La présente proposition de loi, que j’ai rédigée avec les présidents Retailleau et Zocchetto, ainsi que notre rapporteur, Michel Mercier, est destinée à renforcer les moyens de la justice, à élargir le champ des incriminations réprimant le terrorisme et à empêcher que les condamnés pour faits de terrorisme, leur peine purgée, ne se perdent dans la nature, sans surveillance.
Nous avons à relever un double défi. Le premier, ô combien capital, consiste à garantir la sécurité ; de ce point de vue, les tragédies que nous avons vécues en 2015 nous confortent dans notre volonté inébranlable de fermeté face au terrorisme.
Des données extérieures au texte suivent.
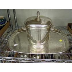Shelf Lot, Silver Plate, Ice Bucket, Serving Tray, Several Platters and Bowls, Candlesticks, etc.
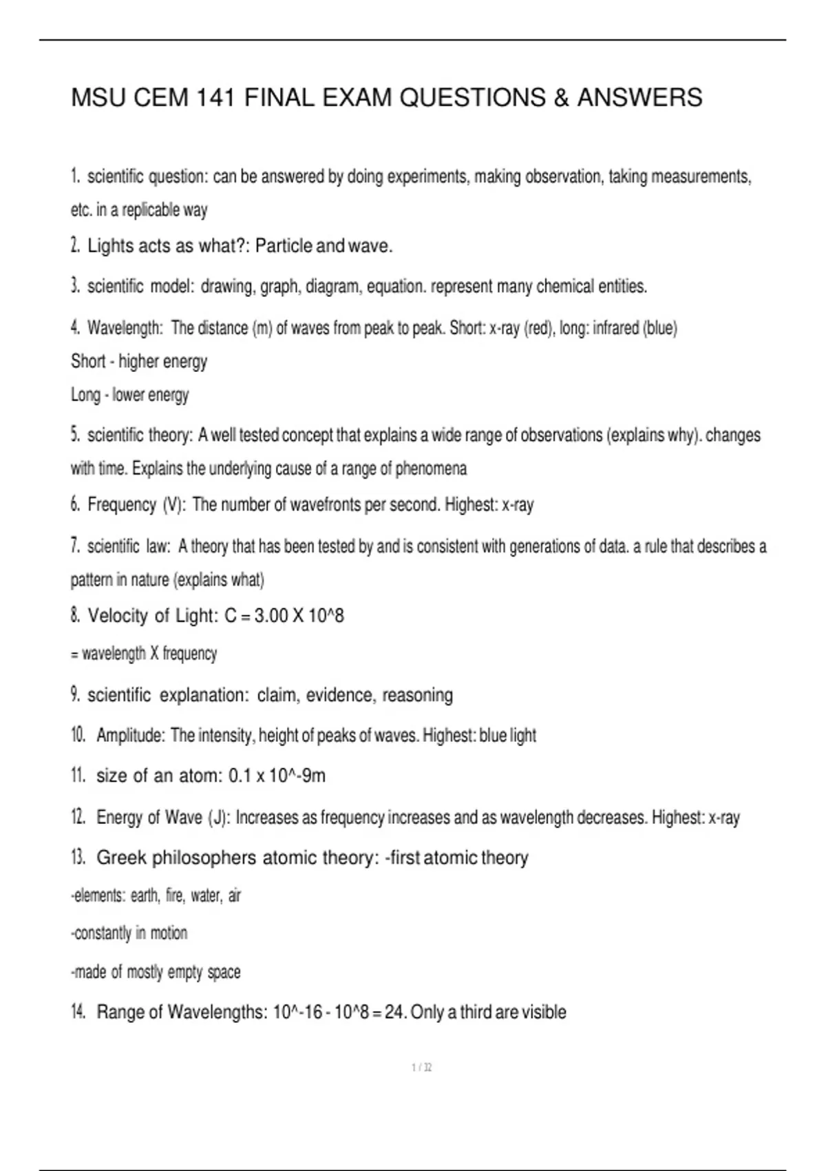 MSU CEM 141 FINAL EXAM QUESTIONS & ANSWERS
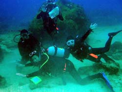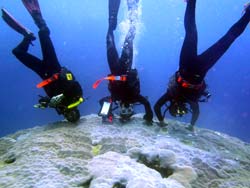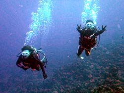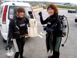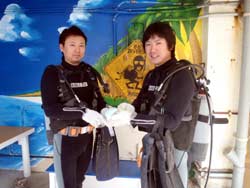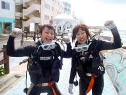 こんにちわJackです☆今日は、なんとも暖かいですよ!沖縄!!まさにダイビング日和の今日は真栄田もオープンしていまして、体験ダイビング&スノーケルに行ってまいりましたぁ!!一緒に潜ってくれたのは千葉からお越しのアキコさん・マキちゃん・ユウコさんの3人でーす!!まずスノーケルは、岩場をテクテク探検隊のように洞窟を目指しレッツゴー!!洞窟もすいてるし青もキレイだったし最高でしたね♪ダイビングも青の洞窟を目指して行きました!スノーケルとは、また違ったキレイさにみんな感動してましたね!!そんな3人から感想いただきましたぁ♪ ユウコさん:今日はありがとうございました。ダイビング初めてで海とお魚はキレイだったけど、こわくて大変でした。シュノーケルだったら、またやりたいです。 マキちゃん:初ダイビングだったけど、すごーく楽しかったです。また入りたいです。最初は緊張して息も出来なかったけど一緒に入ったインストラクターさんのおかげで楽しくできました。海もキレイだし魚もかわいいし、はまってしまいそうです。2年たったら免許とりにきます。 アキコさん:楽しかったです!また来たいです。水もキレイだし…魚もたくさん見れて良かったです。 |
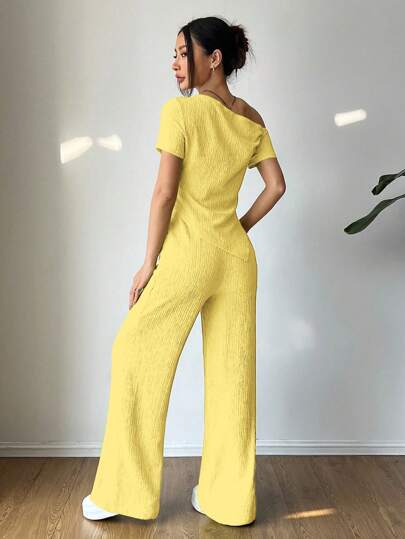 Flirla مجموعة 2 قطعة: تي شيرت كاجوال قصيرة الكتف غير متماثلة + بنطلون واسع الساق منخفض الخصر
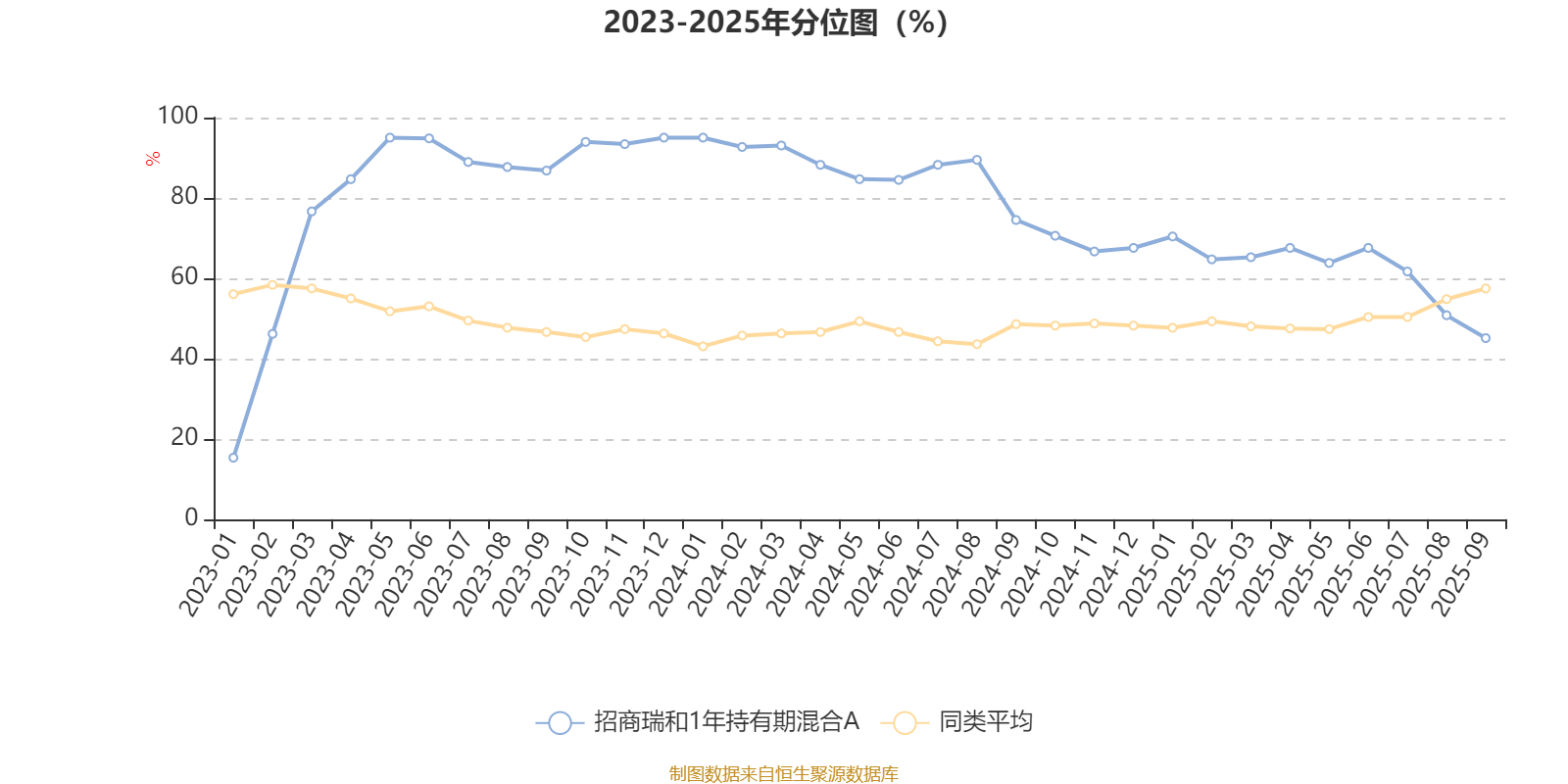通过所选区间该基金净值增长率分位图,可以观察该基金与同类基金业绩比较情况。图为坐标原点到区间内某时点的净值增长率在同类基金中的分位数。

L’autre défi, c’est de pouvoir le faire conformément à nos traditions démocratiques et à nos valeurs républicaines, dans le respect de l’État de droit, ce qui suppose que nous fassions preuve d’une certaine prudence en ce qui concerne les restrictions susceptibles d’être apportées aux libertés : ces restrictions doivent être justifiées et proportionnées.
De nombreuses dispositions ont déjà été adoptées en matière de lutte antiterroriste, qui concernent principalement les pouvoirs de la police ; je pense en particulier à celles résultant de la loi relative au renseignement, que nous avons votée l’année dernière.
L’efficacité de toutes les mesures que nous pouvons prendre se heurte à certaines limites, qu’il faut connaître avant de franchir un nouveau pas dans le renforcement de notre arsenal juridique.
Ainsi, le terrorisme est un phénomène multiforme, alimenté par des facteurs à la fois internationaux et nationaux sur lesquels notre maîtrise ne peut pas être totale. La situation du Proche-Orient et celle de certains pays d’Afrique sont évidemment présentes à tous nos esprits ; l’écho de ces situations est une réalité incontestable au sein même de la société française, où l’islamisme radical, porteur de dérives terroristes et de risques élevés, est fortement présent. C’est la raison pour laquelle il est essentiel de donner un coup d’arrêt aux revendications communautaristes, dans les entreprises comme dans les services publics. Nul ne doit pouvoir s’exonérer du respect de la loi en invoquant ses croyances ou ses origines !
L’état d’urgence a créé une situation nouvelle – le Gouvernement nous proposera demain de le proroger pour trois mois supplémentaires – : il permet de renforcer les pouvoirs du ministre de l’intérieur et des préfets, ainsi que des forces de police et de gendarmerie.
La proposition de loi que j’ai l’honneur de vous présenter porte, quant à elle, sur la justice, et exclusivement sur elle. Il ne s’agit en aucun cas pour nous de renforcer les pouvoirs de l’autorité administrative aux dépens de ceux du procureur et du juge, mais, au contraire, de renforcer les prérogatives de ces derniers.
Plus précisément, il s’agit d’abord de renforcer les pouvoirs d’enquête des procureurs, ce dont nous avions déjà débattu au début de l’année dernière. J’avais, à cette époque, écrit à M. Manuel Valls, Premier ministre, pour lui soumettre des propositions que nous avons reprises dans ce texte.
Nous avons pu, dans le cadre du comité de suivi de l’état d’urgence, vérifier à quel point la mise en œuvre de ces propositions est attendue par le parquet ; le procureur Molins, au cours de son audition, n’a pas manqué de souligner cette attente. Il faut assurer la continuité de l’enquête, de l’ouverture d’une enquête de flagrance par le procureur à l’enquête préliminaire, puis à l’instruction, en sorte que les précieux éléments de preuve qui ont été réunis puissent être exploités sans rupture dans l’examen des dossiers.
C’est pourquoi les auteurs de la proposition de loi souhaitent autoriser les perquisitions de nuit dans les domiciles en cas d’enquête préliminaire, faciliter le recueil dans le cadre judiciaire de données informatiques, même à l’insu de leur détenteur, et rendre possible l’utilisation par la justice de dispositifs auxquels la loi relative au renseignement permet aux seuls services de renseignement de recourir : ainsi, si la proposition de loi est adoptée, les IMSI catchers et les sonorisations de lieux privés seront des instruments que les procureurs pourront utiliser, comme le font déjà la police dans ses activités de renseignement ou la Direction générale des services extérieurs.